Monday, October 1, 2018

Vital Viewing (Symbiotic Relationship Edition)



The man on the right, actor Walter Matthau, was born on this day in 1920 (he died in 2000.) In 1998, he and frequent costar Jack Lemmon talked with Jay Leno:



I think Matthau was being facetious when he suggested he and Lemmon might have ended up driving or unloading a truck if not for the 1968 film version of The Odd Couple. At that point in time, Lemmon had been a pretty bankable movie star ever since winning an Oscar for playing Ensign Pulver in 1955's Mister Roberts. Matthau had a much slower start, but by his late 40s, he, too, was starting to become well-known. Not only had he won an Academy Award for Best Supporting Actor in 1966's The Fortune Cookie (the first film he appeared in with Lemmon)...
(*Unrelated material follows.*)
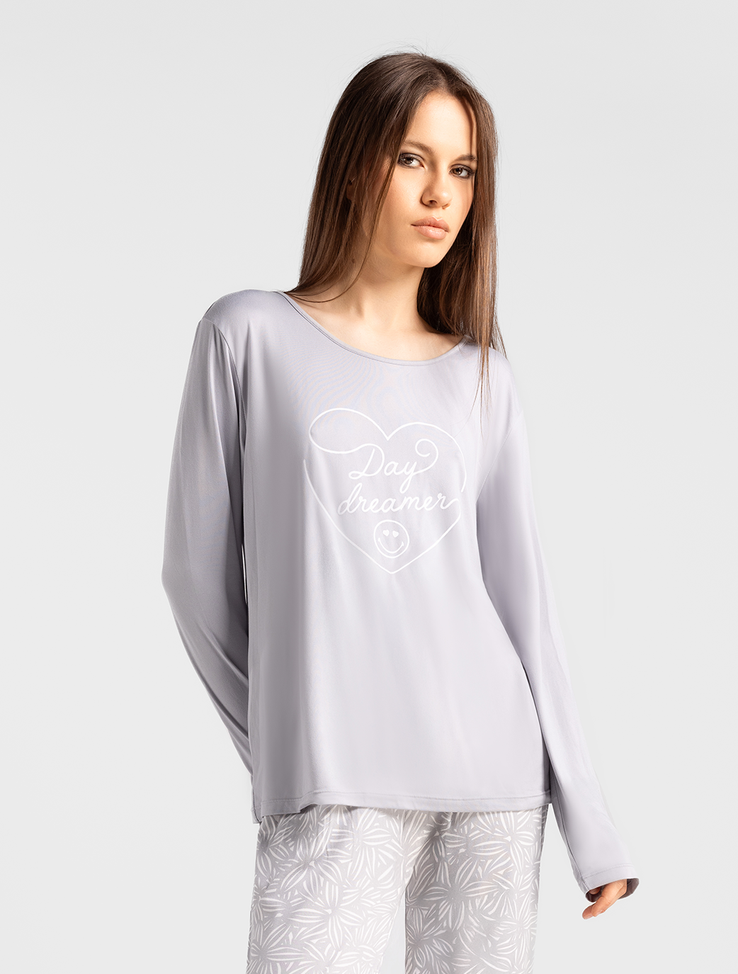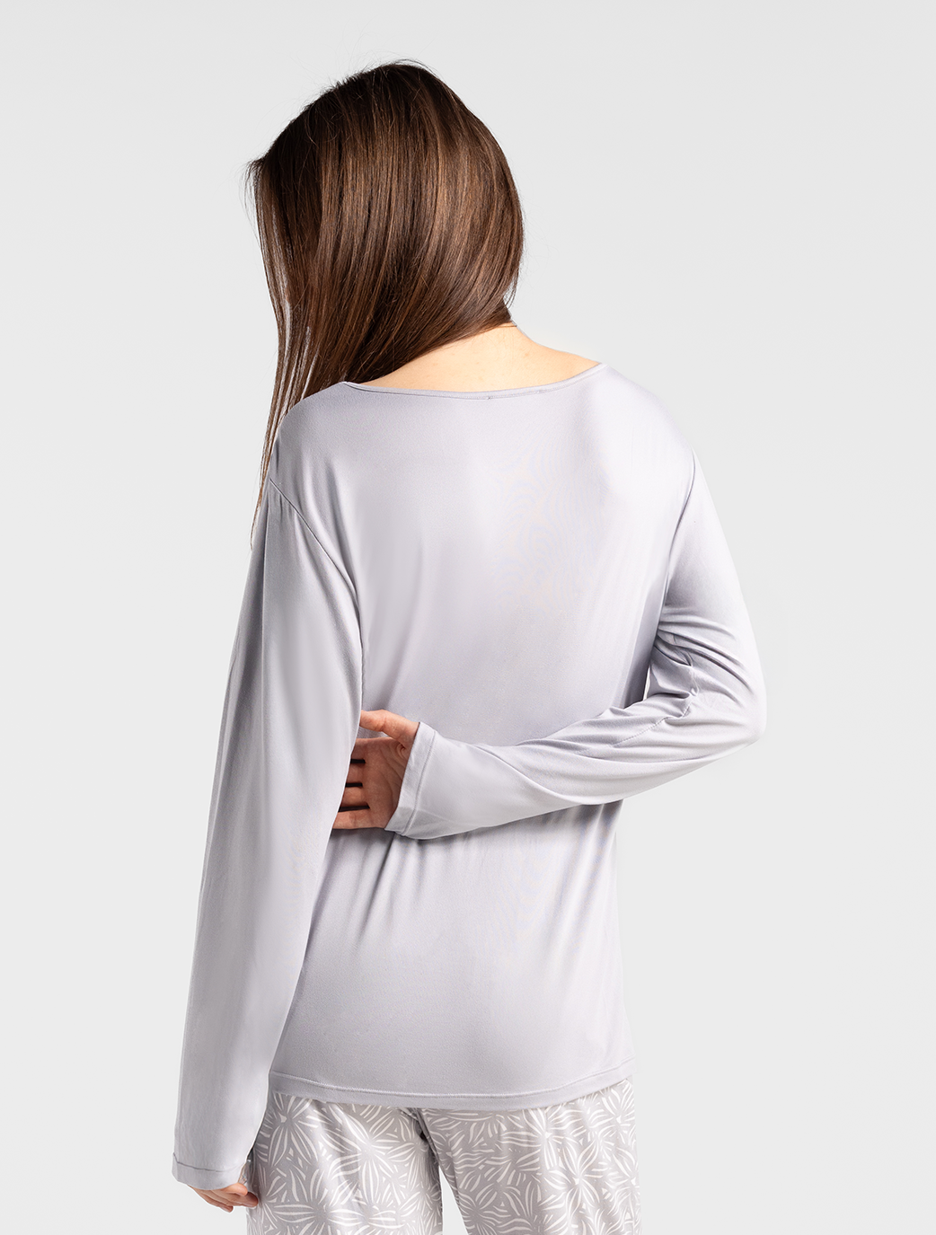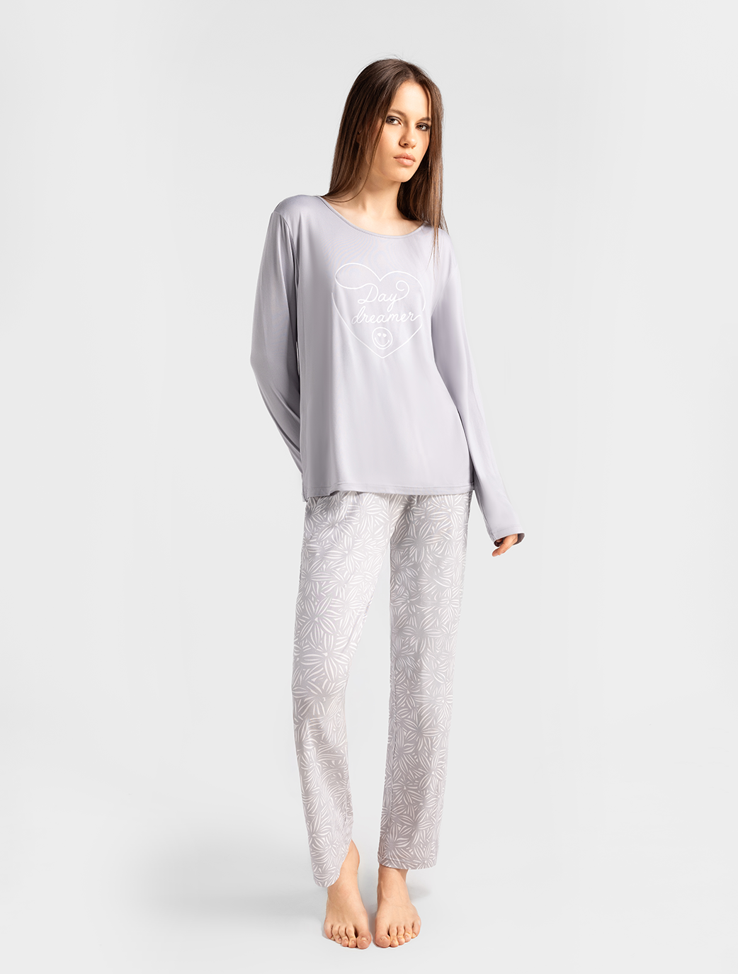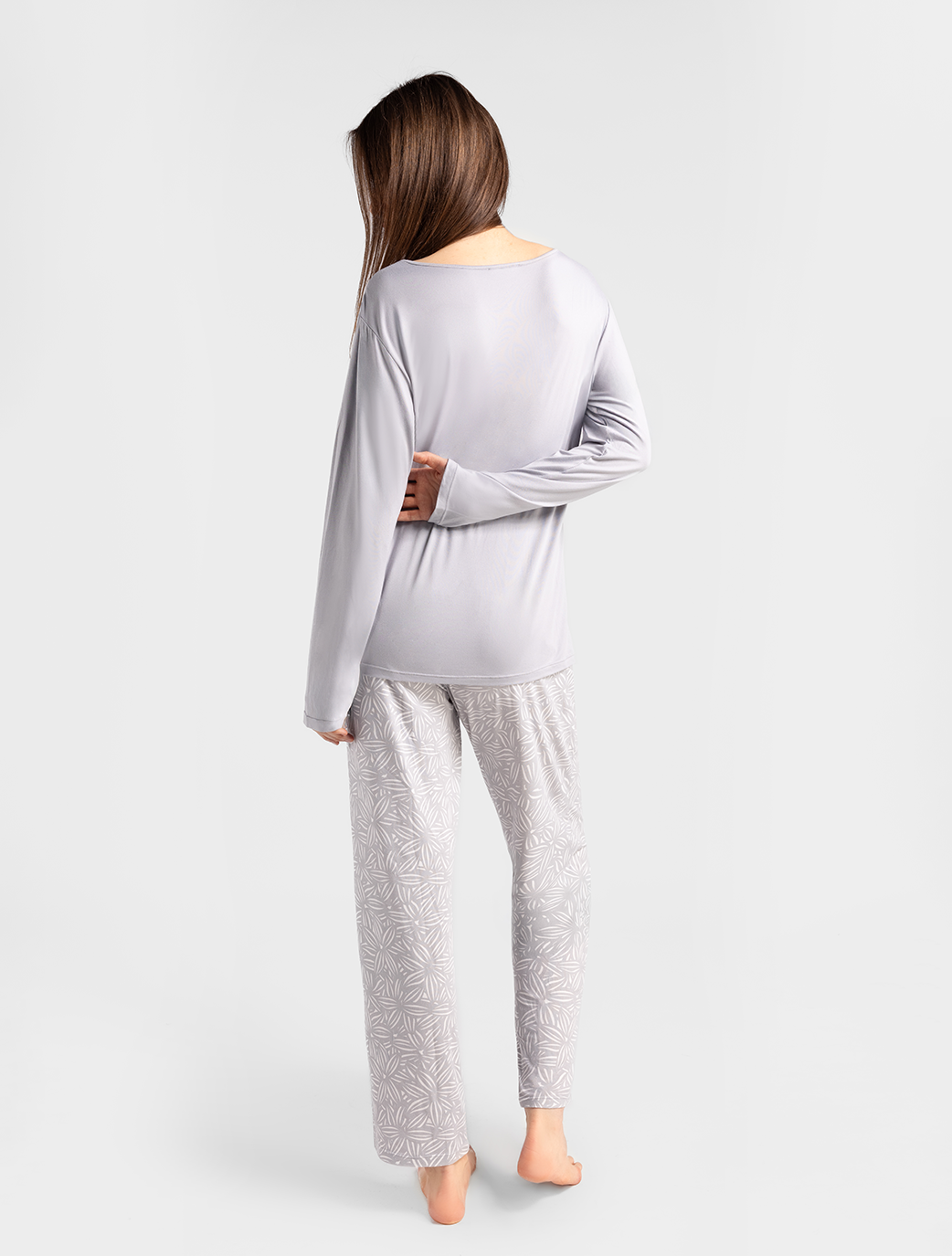 Flero PJ set blends a soft grey melange background with gentle floral prints, creating a cozy and graceful bedtime look. Featuring a matching top and pant made from ultra-soft micro fabric. Designed for all-night ease, the lightweight material feels silky-smooth on the skin.
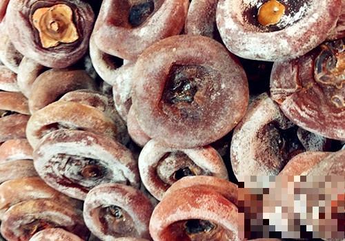 柿饼的制作工艺考究,首先选充分成熟,肉质坚硬,果形端正少核或者五核的柿子品种,去皮后待用。选光照充足,空气流通,清洁卫生的地方,搭架后将去皮的柿子果顶向上,单层排在箔上曝晒,晚间防露水,雨天防雨水。期间经过几次翻动,待柿饼外硬内软,回软后没有发汗现象后就可进行上霜。将两饼顶部相合,萼蒂部向外,在缸中放一层干柿皮放一层柿饼,反复叠放至将满缸,然后封缸,放在阴凉处生霜。柿饼上霜与环境温度有关,温度越低,上霜越好,所以要将缸放在阴凉处。

...but originated the role of messy Oscar Madison in the stage version of The Odd Couple, a humongous Broadway hit (that's Art Carney as tidy Felix Ungar, which reminds me, if, as Matthau said, Paramount Pictures originally wanted Jackie Gleason as Oscar, wouldn't it have made sense to pair him with the guy who played Ed Norton on The Honeymooners rather than Frank Sinatra?)


In the Leno clip, Matthau talks about how when making The Bad News Bears in 1976, the child actors he was working with knew only the sitcom version of The Odd Couple and thus Tony Randall as Felix, and Jack Klugman as Oscar


TV's most recent Oscar and Felix. Were they to remake The Bad News Bears a third time (the second was in 2005), I'm sure the child actors would recognize the names of Matthew Perry (Chandler on Friends) and Thomas Lennon (Jim Dangle on Reno 911!) before they would Klugman or Randell.


In 1982, there was an African-American Odd Couple with Ron Glass (Harris on Barney Miller) as Felix and Demond Wilson (Lamont of Sanford and Son) as Oscar. Since this TV version and the earlier one with Randall and Klugman were both produced by Garry Marshall, scripts from the first series were often used (with some black slang thrown in for authenticity's sake.) It only lasted one season.


A Saturday morning Odd Couple.


They have yet to make a movie or TV series based on it, but in the 1980s there was a female Odd Couple in another Broadway version that ran for about a year. Sally Struthers (Gloria on All in the Family) played neat freak Florence Ungar and Rita Moreno (Anita in West Si--aw, c'mon, the woman's a living legend!) portrayed sloppy Olive Madison.


Some have argued that Jon Cryer and Charlie Sheen of Two and a Half Men were really just Felix and Oscar with different names.


In 1998, Neil Simon, the man who came up with the idea in the first place, wrote a movie sequel titled The Odd Couple 2 starring Matthau and Lemmon. It flopped at the box office, but I liked it anyway.

However, I like the 1968 movie version, which DIDN'T flop at the box office, much, much more:


Altogether, Walter Matthau and Jack Lemmon made 10 films together. One more and they would have tied with Fred and Ginger.